- Born: Jay Roland Cook 16 December 1966 British Columbia
- Died: 18 November 1987 (aged 20)
- Body discovered: 26 November 1987
- Partner: Tanya Van Cuylenborg

= Murders of Jay Cook and Tanya Van Cuylenborg =

1987 double murder in Seattle, Washington, United States

Jay Roland Cook (16 December 1966 – 18 November 1987) and Tanya Van Cuylenborg (7 March 1969 – 18 November 1987) were a Canadian couple from Saanich, British Columbia who were murdered while on a trip to Seattle, Washington in November 1987.

== Events prior to the murders ==
Cook and Van Cuylenborg met in high school and had been in a relationship for about six months. On 18 November 1987, they left in Cook's father's bronze 1977 Ford Club van for an overnight trip to the Seattle area to purchase parts for Cook's father's business.

Cook and Van Cuylenborg took the MV Coho ferry from Victoria to Port Angeles, Washington. They then drove south-east on Route 101 to Bremerton, where they boarded a second ferry to Seattle. A fuel receipt later found in the van confirmed that they purchased fuel on the road between Port Angeles and Bremerton. The pair was last seen boarding the ferry in Bremerton.

Cook's and Van Cuylenborg's families became concerned when the couple did not return home as planned on 19 November and did not make contact. On 20 November, they were reported missing.

== The murders ==
On 24 November, Tanya Van Cuylenborg's half-naked body was found in a ditch by a rural road near Alger, in Skagit County, Washington, a short distance south of Bellingham. She had been raped and shot in the head. Investigators initially considered Cook a suspect, though both Cook's and Van Cuylenborg's families vehemently rejected this possibility.

On 25 November, Tanya's wallet and keys were found discarded near the Greyhound station in Bellingham. The van was found a few blocks away. Inside the van were plastic ties of the same type used to bind Tanya, plastic gloves, and various receipts, including the Bremerton-Seattle ferry ticket, confirming the belief that the couple took the second ferry. However, Tanya's Minolta X-700 35 mm camera, which she had brought on the trip, was missing and has never been recovered.

On 26 November, Jay Cook's body was discovered nearly 60 miles from where Tanya's body was found two days earlier. Jay had been beaten with rocks and strangled. A pack of cigarettes was stuffed down his throat.
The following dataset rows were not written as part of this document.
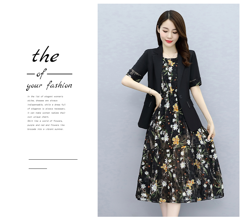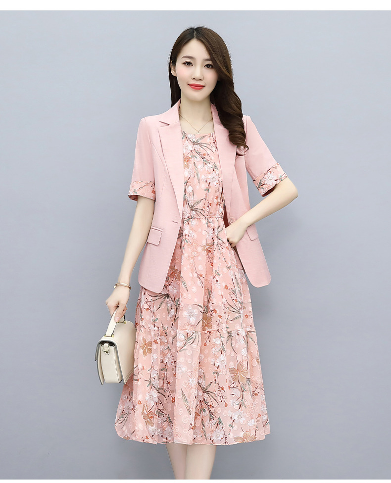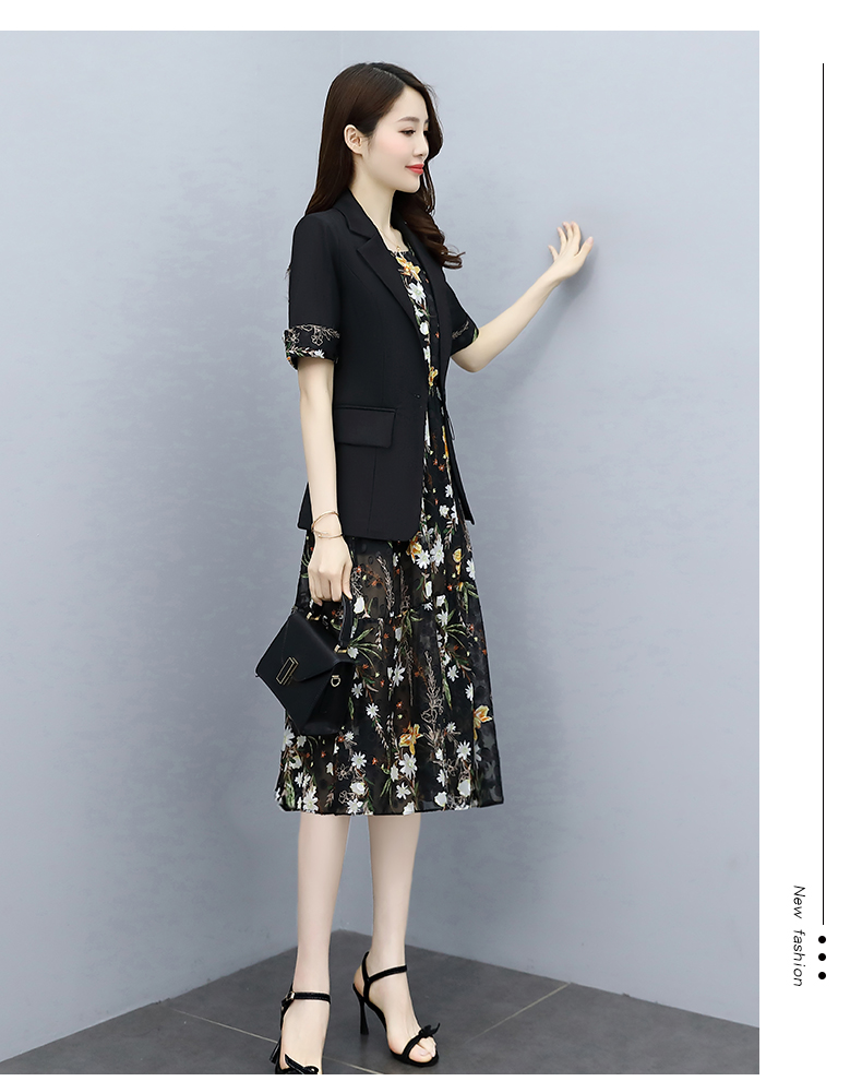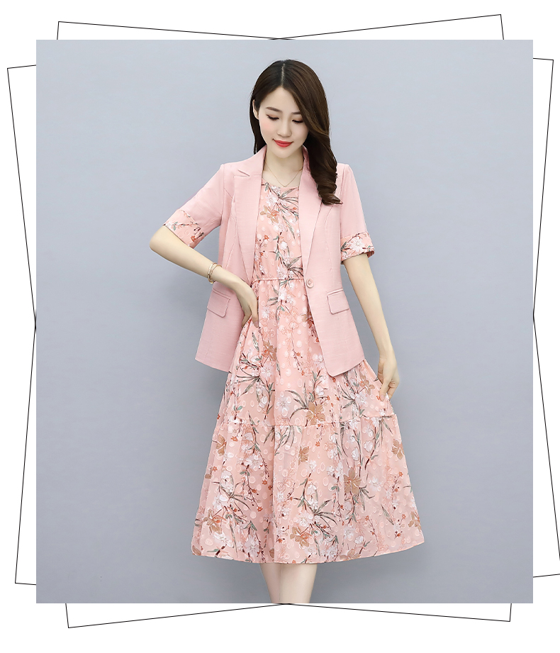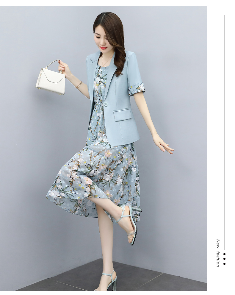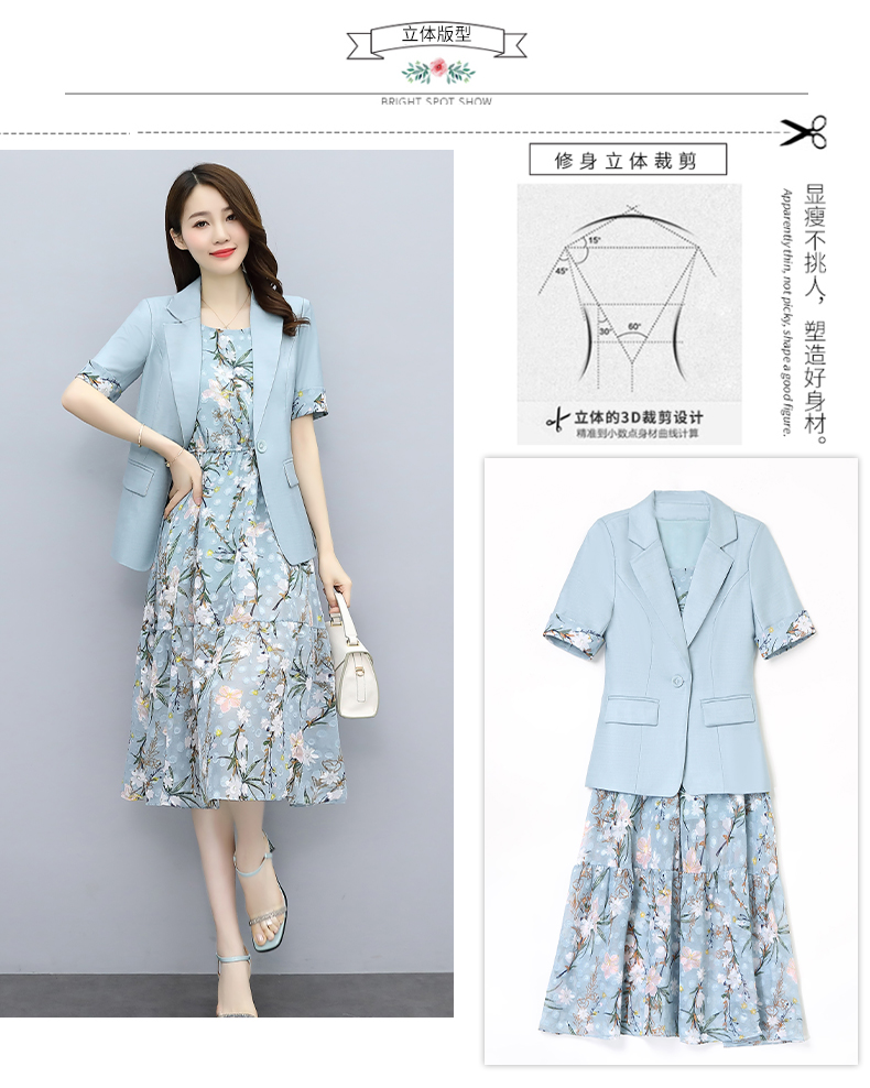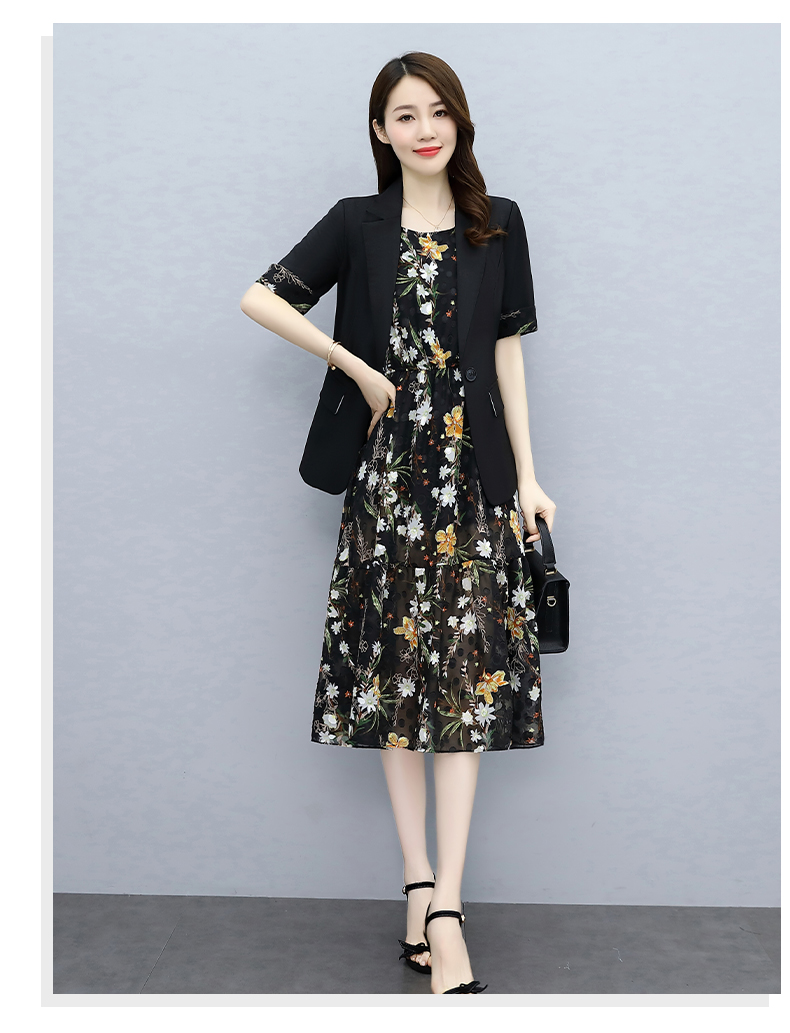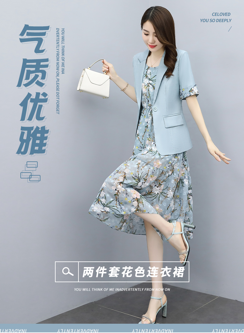 简约时尚,休闲西装外套+圆领花色连衣裙两件套HRYZ7296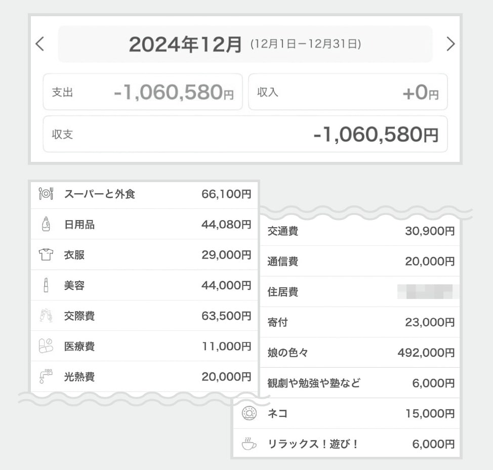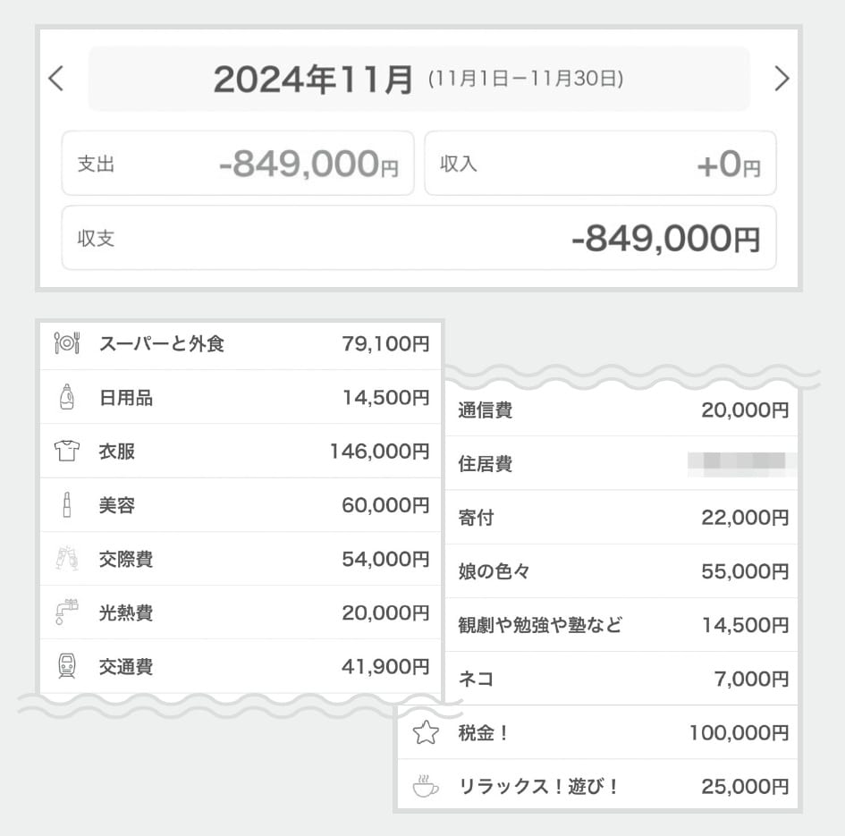 税金20万円が大きい。1月、お正月ということもあって食費や美容、交通費もいつもより多め。
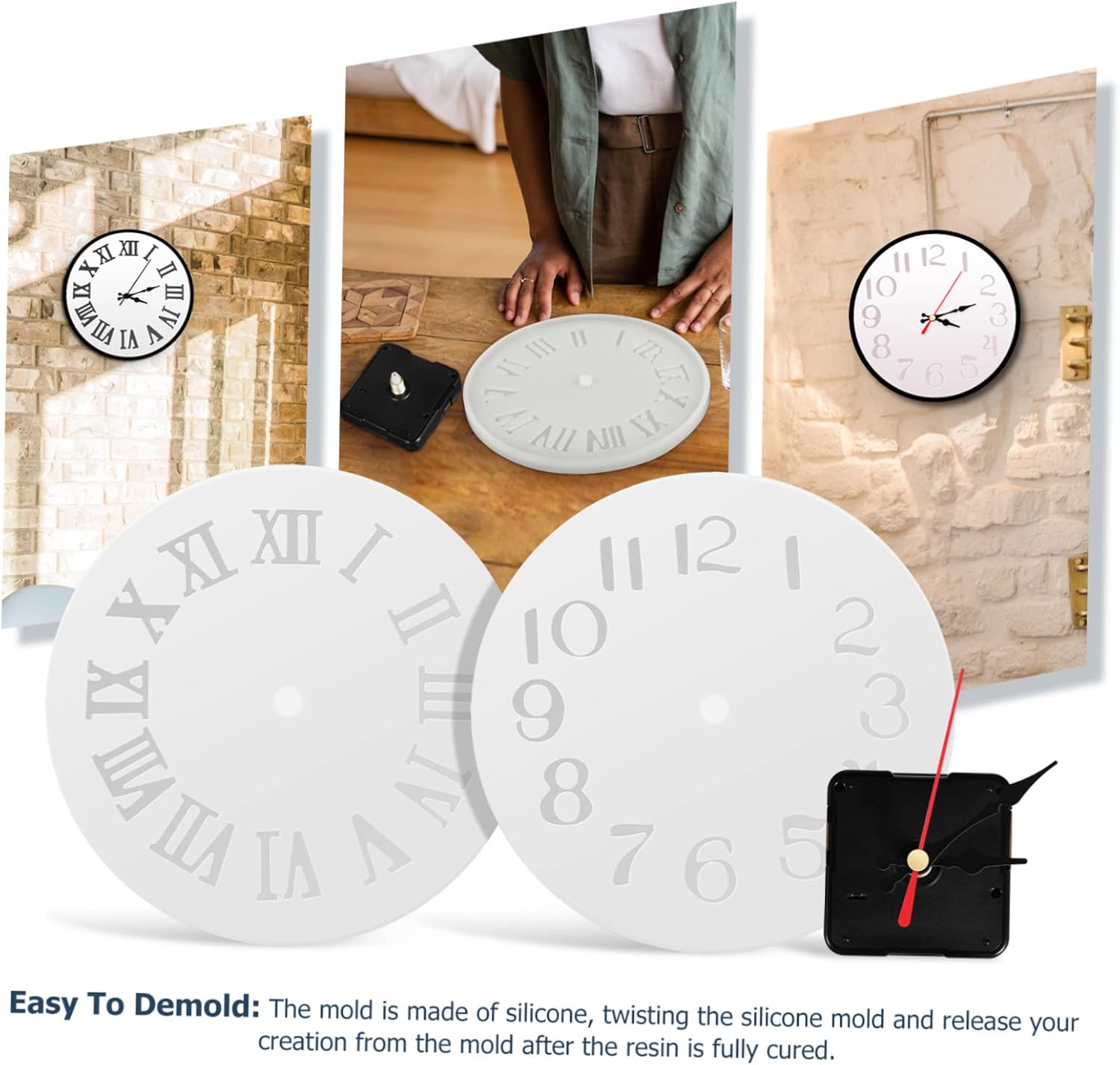Package List 2 x molds 2 x shafts movements 2 x iron hooks 2 sets x pointers 2 x second points Features -DIY Craft: You can add beads, sequins, colors, dried flowers to the mold to create a unique clock for wall decoration clock hands and motor kit. -Material:Aluminum, silicone clock molds for resin -Funny for DIY: You can complete the DIY process with your family or friends, exercise your hands-on ability, and enrich your spare time clock movement. -Color:As Shown DIY clock kit -Unique : details and good use experience. This is a great make meaningful your friends and family resin clock mold kit. -Durability And Practicality: This simple clock movement is exquisitely crafted, sturdy and durable, with clock mechanism kit. -Size:15.50X15.50X0.80cm/6.09X6.09X0.31in clock works replacement kit -DIY Clock Repair Kit: You will get the shaft clock movements with clock hands, and clock silicone resin moulds, these suit well to make a clock clock replacement mechanism.Goods Descriptionclock motor This wall clock mechanism and hands replacement kit has excellent texture and durability, so it can serve you for long time.clock kits for do it yourself And comes with resin clock mold kit, creating your own crafts, creating a unique clock for wall decoration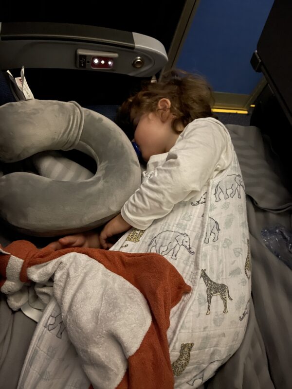 Le-am scos telefoanele, el s-a uitat la desene, iar Alesia s-a jucat. Liniște și pace, nu-mi venea să cred. După ce s-a servit masă am scos pernele și le-am mărit locul. Aproape că le făcusem un pătuț. Pe la ora 9.30 l-am pus în sacul de dormit, i-am dat jucăriile de somn și suzeta și am sperat că o să adoarmă ușor. Știți că el doarme singur în camera, în întuneric și liniște. M-am întins lângă el, l-am luat în brațe și, încă o dată spre surprinderea mea, a adormit relativ repede. Ceva mai târziu a adormit și Alesia. Erau așa drăgălași în pătuțul lor improvizat. S-au trezit când am aterizat, puțini obosiți având în vedere ora, dar le-a trecut repede când am ieșit din aeroport.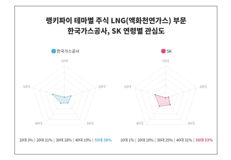 연령별 관심도 조사에 따르면, 한국가스공사와 SK 사이의 관심도는 각 연령대에서 다양하게 분포되어 있음이 확인되었다. 특히, 한국가스공사는 50대에서 38%의 관심도를 보여 가장 관심도가 높은 것으로 나타났다. 더불어 한국가스공사의 관심도는 10대 3%, 20대 21%, 30대 18%, 40대 19%, 50대 38% 순으로 나타났다.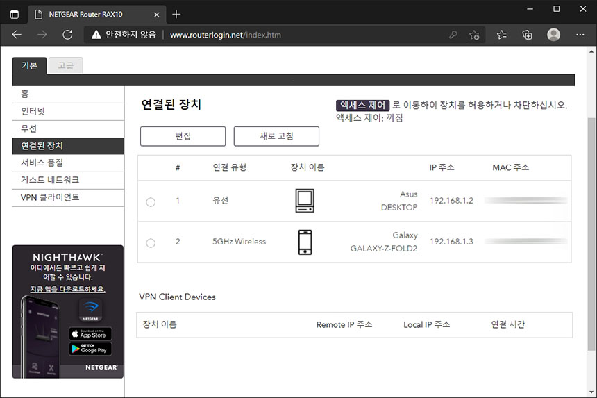 연결된 장치를 살펴보면 넷기어 RAX10 공유기에 접속해 있는 장치들의 연결 유형과 이름 그리고 내부 IP 주소를 확인할 수 있습니다. 액세스 제어 기능과 결합해서 바로 장치를 차단할 수 있다는 점이 편리한 부분입니다.
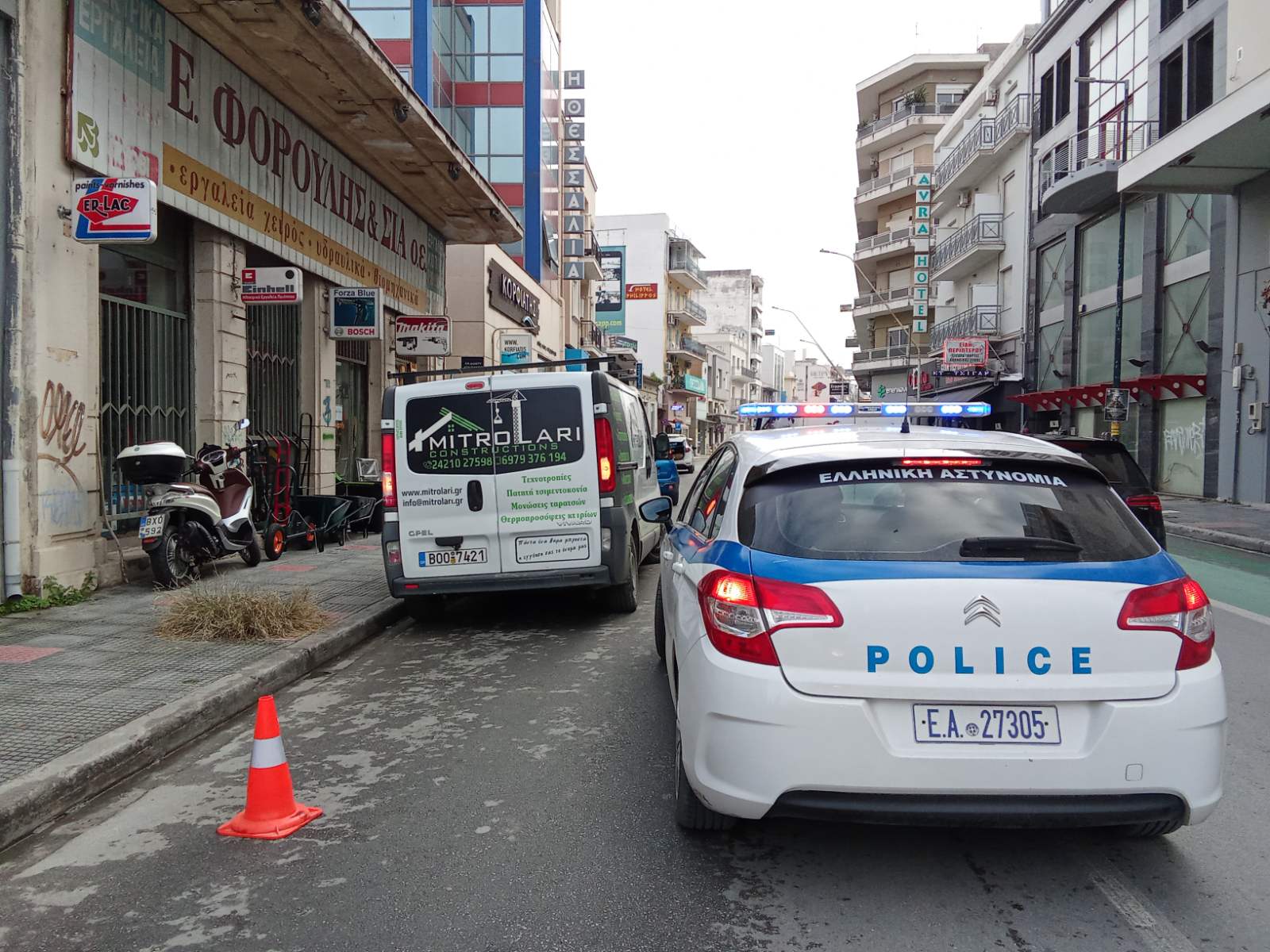 Από προχθές βγήκε έξω και ο γερανός του Τμήματος Τροχαίας Βόλου ο οποίος θα παραμείνει στο κέντρο για την αποτροπή της παράνομης στάθμευσης και σήμερα.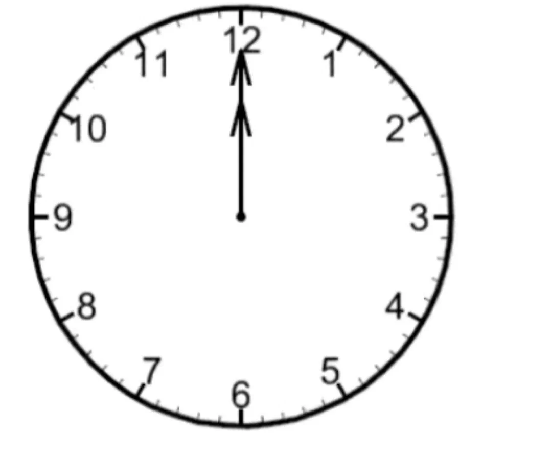 The clock shows both the hour and minute hands pointing to 12, indicating it is twelve o'clock.

== Investigation and later events ==
The police believed that the killer was taunting them by leaving the plastic gloves in plain view. Detective Robert Gebo of the Seattle Police Department stated: "He leaves those behind as a sign to the police that you needn't look for fingerprints because I wore these gloves. And he has confidence that there's nothing that's going to connect him with these crimes."

The police were in fact able to obtain the suspect's DNA from the van, but there was no match on any of the criminal databases. Despite the lack of a match, the police believed that the specific manner in which the victims were killed (which has not been revealed in detail publicly) suggested that the killer was familiar with the prison system. The lack of a match despite a potential prison background could be explained by the suspect having been incarcerated before DNA collection from criminals became commonplace or technologically possible.

Investigators believed that the couple might have met their killer on one of the ferries, most likely the second one, and offered him a ride upon reaching Seattle.

In the months after the murders, both victims' families received a series of taunting greeting cards featuring graphic descriptions of the murders. The cards bore postmarks from Seattle, Los Angeles, and New York, and were written by the same person. In 2010, it was announced that the writer of the cards had been found: a 78-year-old Canadian transient with mental health issues. The police confirmed that he was not the killer and had no connection to the crime.

=== Perpetrator ===
On 11 April 2018, a composite sketch of the suspect was released based on the DNA collected from semen found on Van Cuylenborg's trousers at the crime scene using a process called "snapshot DNA phenotyping" by Parabon NanoLabs. The case was also investigated by Parabon using genetic genealogy by uploading the DNA to the public website GEDmatch.com, the same site that led to the arrest of the Golden State Killer suspect Joseph James DeAngelo.

On 18 May 2018, the Snohomish County Sheriff announced that William Earl Talbott II had been arrested for the murder of Van Cuylenborg. He was found guilty in June 2019 of two counts of aggravated first-degree murder and sentenced to two sentences of life imprisonment without parole.

On 7 December 2021, an appellate court overturned the conviction of William Earl Talbott II citing juror bias. Prosecutors were planning on holding a second trial. On 22 December 2022, this was rejected.

On 22 December 2022, the Washington State Supreme Court reinstated the guilty verdict because the defense had peremptory challenges available but chose not to use one to dismiss the juror. Talbott remains in custody awaiting further appeals.